In April 2001, an order was issued closing the magazine Ardi Beltza (‘Black Sheep’), whose director, Pepe Rei, who had already been processed in the “Egin case”, was arrested and questioned on the grounds that he used this medium for terrorist organization purposes. New evidence against Rei was extracted according to Garzón from the magazine itself and the video that was distributed with it entitled “Journalists, the business of lying”, in which professionals were identified and later targeted by attacks or tracking by ETA members.
In November 2001, Garzón detained and questioned thirteen people linked to the movement Gestoras Pro Amnistía[Managers Pro Amnesty] (Gestorak), one of the strongest nationalist organizations in the framework of the support and struggle for the repatriation of ETA prisoners. The operation, called Udazken (‘Autumn’), involved over two hundred police who practiced early morning arrests in several locations in the Basque provinces and Navarre. At the same time, Garzón ordered the blocking of twenty-two bank accounts belonging to detainees and some companies.

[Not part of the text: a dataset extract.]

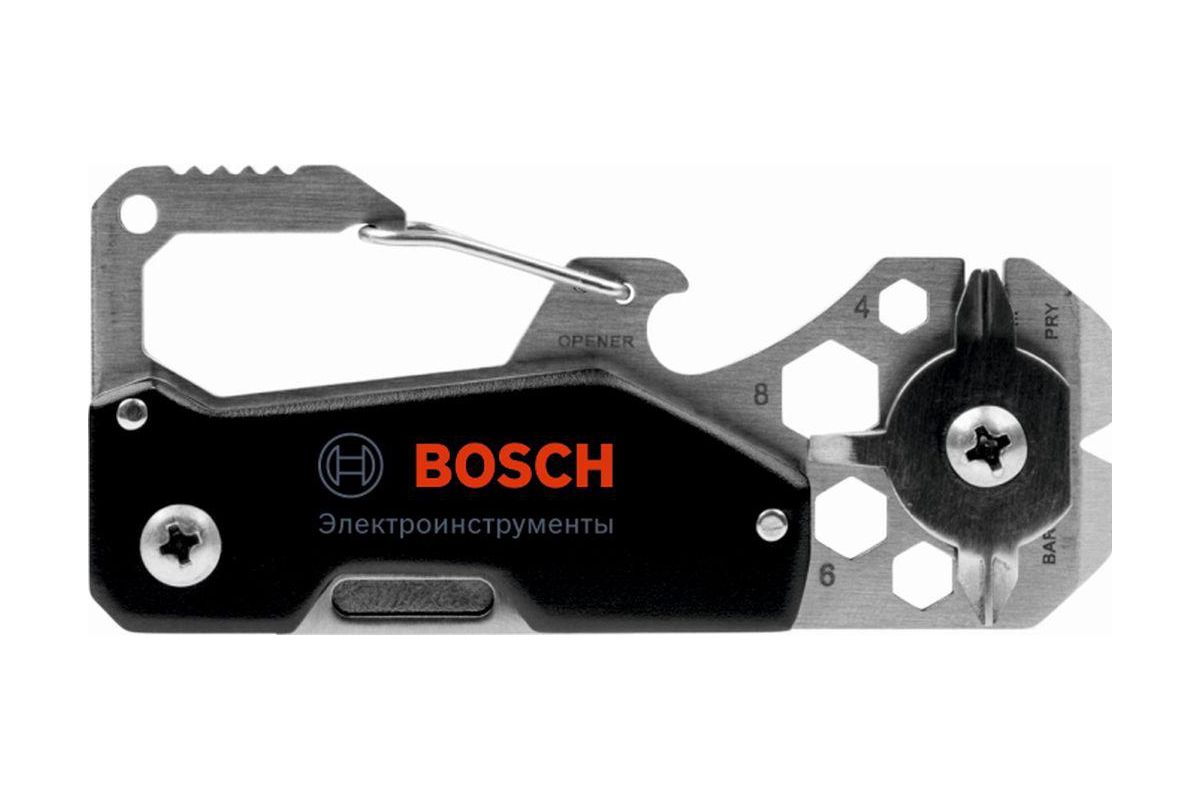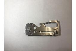 Легкий удобный многофункциональный инструмент с ножиком, карабином, линейкой, открывалкой, 4-мя шестигранными ключами, спицевым ключом, гвоздодером, одной плоской отверткой, одной маленькой и одной большой отвертками Philips.

Another of the judge’s actions was the outlawing of Batasuna, in an edict published in Madrid on August 26, 2002, for an alleged crime of forming part of a terrorist organization. Previously, on May 3, 2002, he had issued warrants for the arrest of eleven members of the radical nationalist party.
There are also some resolutions issued by Garzón during the negotiation process of 2006 setting that when these meeting occurred they were not criminal meetings and allowing certain public events calling for peace. The judge was heavily criticized for what represented a commitment to the peace process that was attempted to be developed.

Standardisation of coexistence

ETA has currently abandoned the armed struggle and the government and political forces are seeking the final exit to close this long and bloody history. Former terrorists are being released from prison having served their sentences. This situation also causes outrage among relatives of the victims and those victims wounded or injured by the group’s attacks, but the common goal is to achieve standardization of coexistence.
Although in Spain many ETA prisoners responsible for these crimes have come to ask for the forgiveness of their victims, and that in the Basque Country numerous municipalities and other institutions are governed by parties of marked independence, small groups close the old organization, living in American countries claim “Basque liberation from the oppression of the Spanish state.” They promote outdated and anachronistic situations. From these groups sometimes a biased and false accusation is made against Garzón.